Is that possible with genomepy, or do you suggest to write my own code to get there?
Many thanks in advance,
R.
You might be able to parse this together from the intermediate files (they can be found here). I tried this, but the UCSC conversion tools that genomepy uses cannot handle the gtf file there.

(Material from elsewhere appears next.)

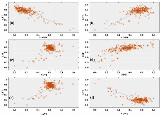 The biophysical indices have a significant impact on the LST [44]. In this study, the correlation between LST and biophysical indices was determined using Spearman’s correlation coefficient (r) (Table 4). The correlation results showed that LST has a positive relationship with NDBI (r = 0.665) and NDBaI (r = 0.367), and a very weak positive relationship with NDVI and SAVI. On the other hand, MNDWI and NDWI have a negative relationship with LST (Figure 5). This result clearly indicates that the areas with higher water coverage are characterized by lower LST. These findings agree well with previous literature.
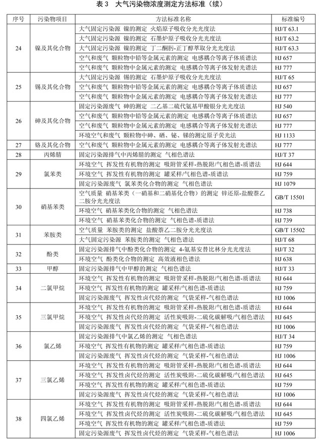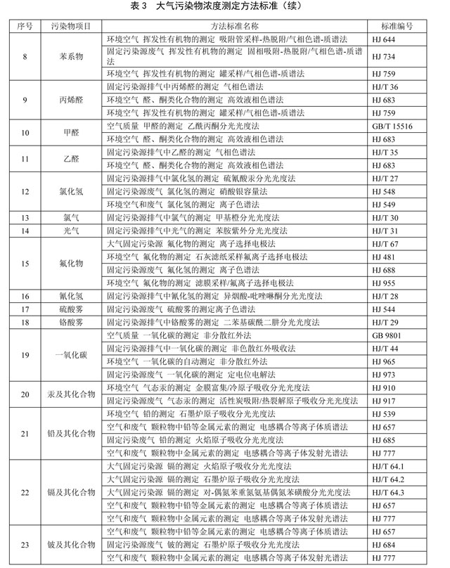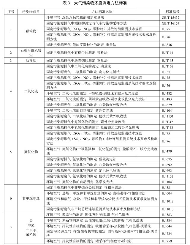 5.6 對大氣污染物排放濃度的測定采用表3所列的方法標準。本標準發(fā)布實施后,有新發(fā)布的國家環(huán)境監(jiān)測分析方法標準,其方法適用范圍相同的,也適用于本標準對應污染物的測定。

If you want a richer gene annotation file, you might be better off going with GRCh38.p13 from Ensembl, or one of the hg38 annotations from UCSC:
$ genomepy annotation GRCh38.p13
16:08:48 | INFO | Ensembl
1 ensembl_havana gene 685679 686673 . - . gene_id "ENSG00000284662"; gene_version "1"; gene_name "OR4F16"; gene_source "ensembl_havana"; gene_biotype "protein_coding";
1 ensembl_havana transcript 685679 686673 . - . gene_id "ENSG00000284662"; gene_version "1"; transcript_id "ENST00000332831"; transcript_version "4"; gene_name "OR4F16"; gene_source "ensembl_havana"; gene_biotype "protein_coding"; transcript_name "OR4F16-201"; transcript_source "ensembl_havana"; transcript_biotype "protein_coding"; tag "CCDS"; ccds_id "CCDS41221"; tag "basic"; transcript_support_level "NA (assigned to previous version 3)";
16:09:51 | INFO | NCBI
NC_000001.11 genomepy transcript 11874 12227 . + . gene_id "DDX11L1"; transcript_id "rna-NR_046018.2"; gene_name "DDX11L1";
NC_000001.11 genomepy exon 11874 12227 . + . gene_id "DDX11L1"; transcript_id "rna-NR_046018.2"; exon_number "1"; exon_id "rna-NR_046018.2.1"; gene_name "DDX11L1";
$ genomepy annotation hg38 -p ucsc
16:11:12 | INFO | UCSC ncbiRefSeq
chr1 genomepy transcript 11874 14409 . + . gene_id "DDX11L1"; transcript_id "NR_046018.2"; gene_name "DDX11L1";
chr1 genomepy exon 11874 12227 . + . gene_id "DDX11L1"; transcript_id "NR_046018.2"; exon_number "1"; exon_id "NR_046018.2.1"; gene_name "DDX11L1";
16:11:15 | INFO | UCSC refGene
chr1 genomepy transcript 14362 29370 . - . gene_id "WASH7P"; transcript_id "NR_024540"; gene_name "WASH7P";
chr1 genomepy exon 14362 14829 . - . gene_id "WASH7P"; transcript_id "NR_024540"; exon_number "1"; exon_id "NR_024540.1"; gene_name "WASH7P";
16:11:18 | INFO | UCSC knownGene
chr1 genomepy transcript 11869 14409 . + . gene_id "ENST00000456328.2"; transcript_id "ENST00000456328.2";
chr1 genomepy exon 11869 12227 . + . gene_id "ENST00000456328.2"; transcript_id "ENST00000456328.2"; exon_number "1"; exon_id "ENST00000456328.2.1";
Nice!
Thanks also for the workaround solution.